John Kousinioris: Good morning, Patrick, and thanks for that. Our clean electricity growth plan, kind of the status quo plan that we have now that takes us out to 2025, continues to be the focus of the company and the primary direction that we are going in. I would say that the importance of our gas fleet and the role that it plays, for example, in Alberta and even in Southwestern Ontario, very critical and we are very much focused on what are the attributes of that fleet to be cost effective going forward and as flexible as possible given — just given the market dynamics that we see developing in both of those jurisdictions. In terms of incremental new, I think, gas build, we do consider it periodically. We aren’t seeing a ton in terms of it being contracted, getting us to a place where we are comfortable with the kind of cash flows that incremental natural gas generation build would provide.
Do we evaluate potentially adding some peaking gas, particularly from an Alberta perspective, the answer to that would be yes, for sure, expecting that to be more merchant in orientation. But in terms of sort of greenfield natural gas prices or natural gas projects, we see a bit of interest for that in Western Australia and sort of those remote kind of operating regions. But we aren’t seeing a ton of that certainly from a North American perspective.

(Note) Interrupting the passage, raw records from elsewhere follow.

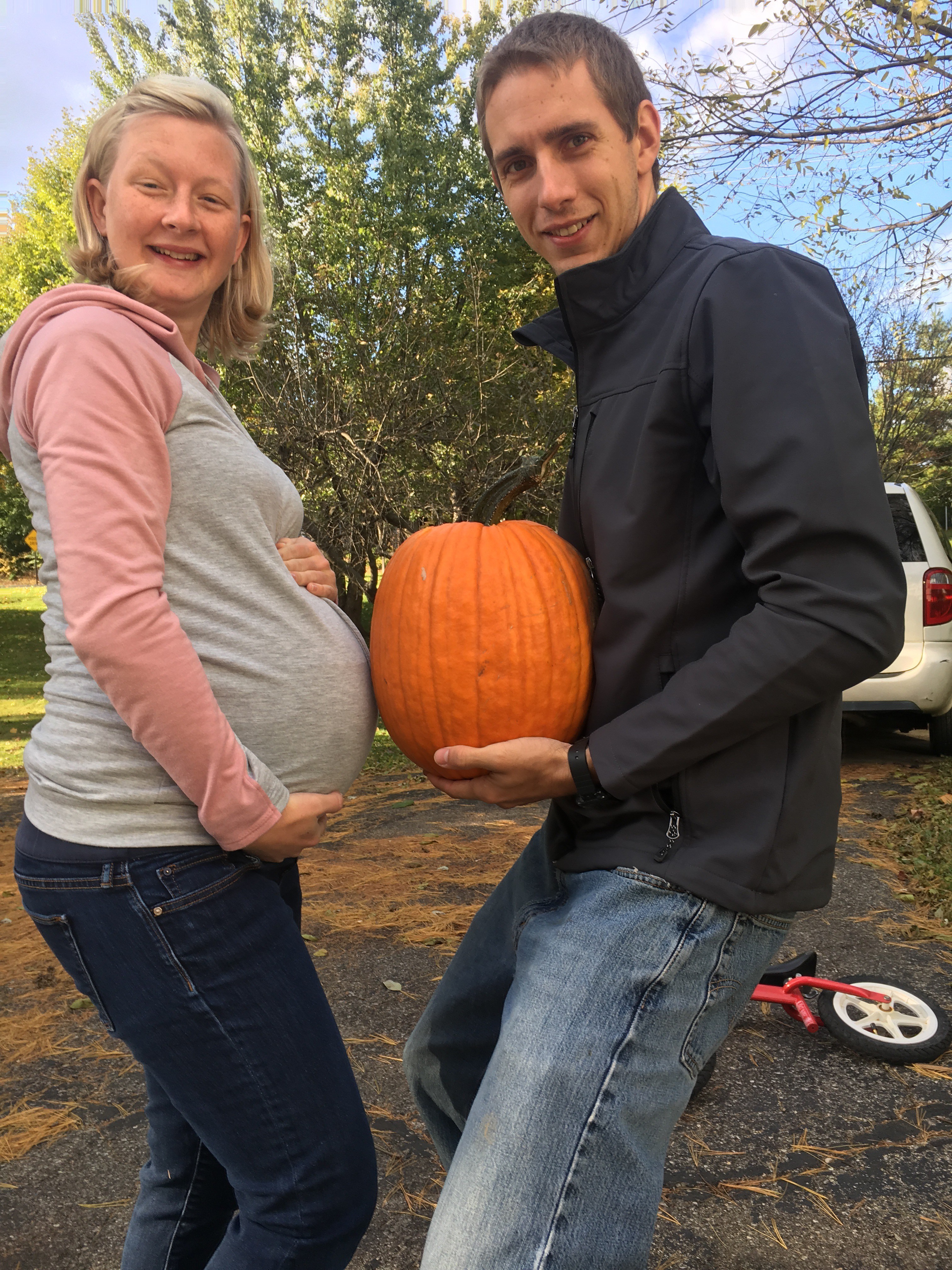 The last activity we did this month was to carve up a pumpkin! Tera really wanted a flower, and since she was the only one with an opinion, that’s what we have! But first…mandatory pumpkin/belly comparison pictures….because we just have to when I’m 103 weeks pregnant (just 37, but at this point it feels like the same thing).
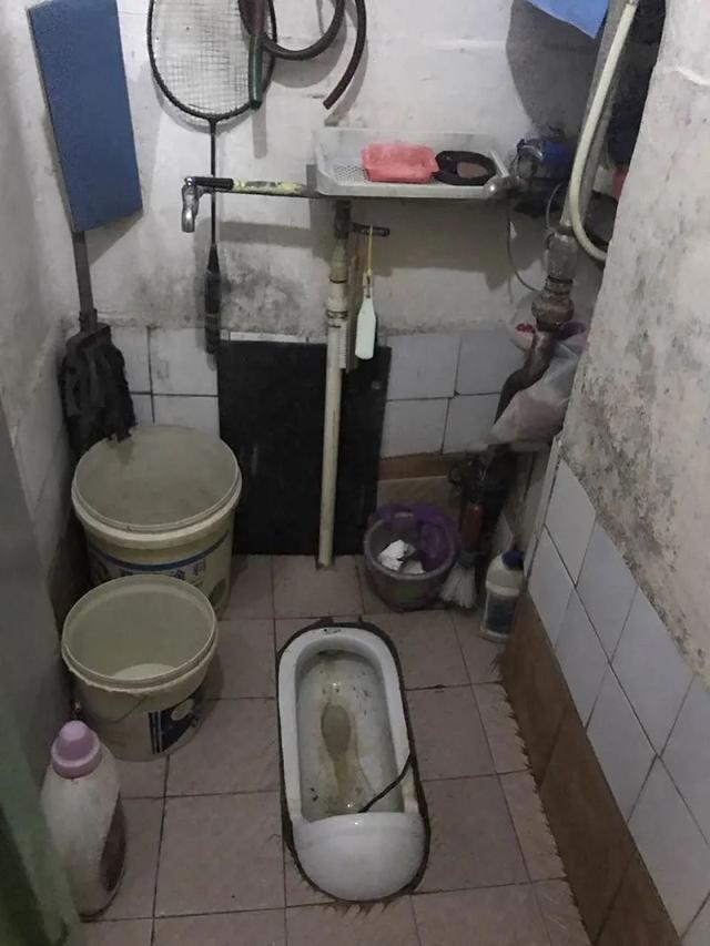 装修前,厕所只有4平方米,很窄。家长洗澡时,要盖上蹲便器,站在这里洗澡。
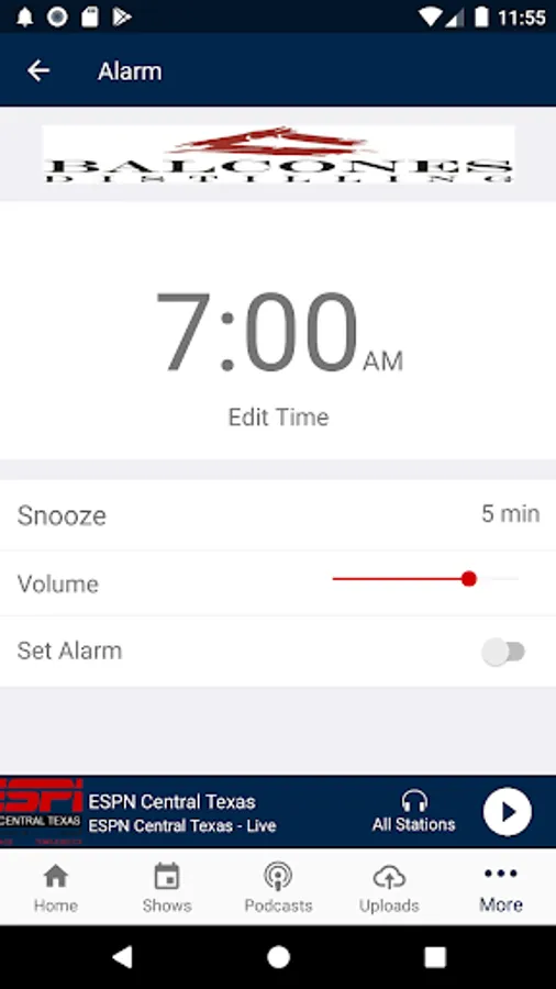 Wake up with Centex Sports Fan's alarm clock feature
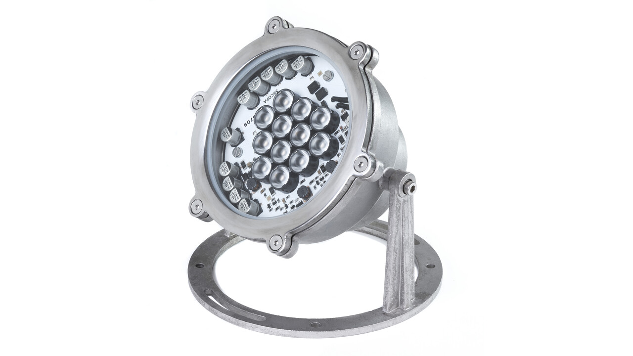 Halospot это достаточно мощный подводный светильник, обеспечивающий подсветку фонтанных струй при низком энергопотреблении: 16 Вт для одноцветных светодиодов и 30 Вт для версии RGBW. Светильник предназначен для средних фонтанов, где он работает надежно и эффективно. Прожектор сертифицированный по протоколу CE, имеет степень защиты IP68 и изготовлен из нержавеющей стали высшего качества. Подводные светильники доступны в цветах RGBW, холодный и теплый белый, а также со светодиодами других цветов. Все модели поставляются с водонепроницаемым кабелем длиной 2,5 метра.
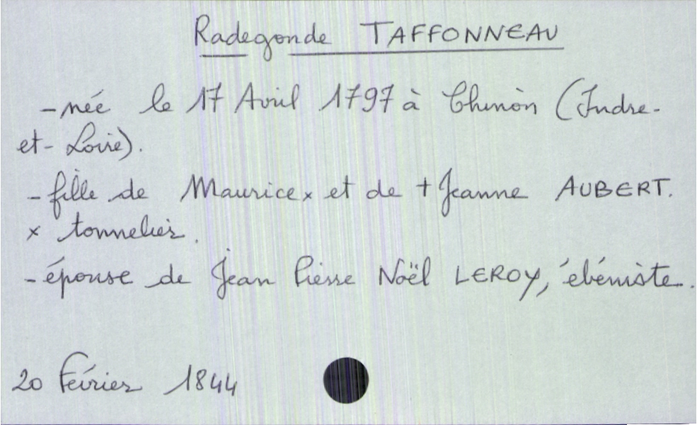train | Tours | Index cards | b6a488bc-8e5f-45ce-8503-71485fd6970d | <root><Décès><Défunt><Nom>Taffonneau</Nom><Prénom>Radegonde</Prénom><Sexe>F</Sexe><DateDeNaissance>17 avril 1797</DateDeNaissance><LieuDeNaissance>Chinon (Indre-et-Loire)</LieuDeNaissance><Statut>marié(e)</Statut></Défunt><Conjoint><Nom>Leroy</Nom><Prénom>Jean Pierre Noël</Prénom><Profession>ébéniste</Profession></Conjoint><Père><Nom>Taffonneau</Nom><Prénom>Maurice</Prénom><Profession>tonnelier</Profession></Père><Mère><Nom>Aubert</Nom><Prénom>Jeanne</Prénom><Statut>décédée</Statut></Mère></Décès><Année>1844</Année><Mois>février</Mois><Jour>20</Jour></root> | |

Patrick Kenny: Okay. Got it. Thanks for that. And then on the new pumped hydro storage opportunity. Wondering if you can comment on what sort of hurdle rates you would need in order to proceed with the investment? Would it be in line with the 11.5 times build multiple on the base
John Kousinioris: Yeah.
Patrick Kenny: clean growth plan or would you be needing a higher return just to compensate for development risks and maybe you can walk us through what those key risks on execution might look like?
John Kousinioris: No. For sure. So I would say that Tent Mountain is a real early-stage opportunity, Patrick. So in terms of what are hurdle rates, so we are very excited about the opportunity. But it’s years away from coming to reality. In terms of what the hurdle rates would be, our preference would be that we would see that facility contracted in some way or have some kind of a revenue stream that provides at least a relatively predictable cash flow stream for that kind of asset, given the size of capital investment that would be required to bring it through. So I think the returns that we would be looking for would be in the context from a risk adjusted perspective on that profile. I don’t think that our company right now is viewing that kind of project as a merchant project just to address your question on returns.

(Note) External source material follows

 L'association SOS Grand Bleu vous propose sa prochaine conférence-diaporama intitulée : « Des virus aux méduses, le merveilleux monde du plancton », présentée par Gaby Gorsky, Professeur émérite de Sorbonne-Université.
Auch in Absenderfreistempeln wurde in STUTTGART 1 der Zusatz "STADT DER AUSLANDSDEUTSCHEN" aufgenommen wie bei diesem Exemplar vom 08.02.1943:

In terms of some of the development elements associated with that, again, early days, just making sure that we are clear from a pricing perspective, what it would cost to get to the project to be executed, we have a sense of what that would be and there has been technical work done, but there is a bit more that we need to do to make sure that it’s there. And then kind of the age-old question, it seems increasingly important is transmission interconnection. It is in a relatively remote part of the province and the issue would be how much would it cost and what were the timeframes to be able to bring that power into the grid from an interconnected perspective in an efficient manner. So those are just trying to give you a bit of a flavor of the kinds of ways we are looking at it.
Patrick Kenny: Okay. That’s great color. Thanks, John. I will leave it there.
John Kousinioris: Thanks a lot, Patrick.
Operator: Your next question comes from John Mould from TD Securities. Please go ahead.
John Mould: Good morning, everyone. Maybe just starting with your 2023 objective of securing long-term contracts for the Alberta merchant fleet. How much of that fleet would you ideally like to contract and maybe what’s realistic? And what does the competitive environment look like for contracting those assets right now, given the pipeline of new build renewable power development projects out there in the province, including your own?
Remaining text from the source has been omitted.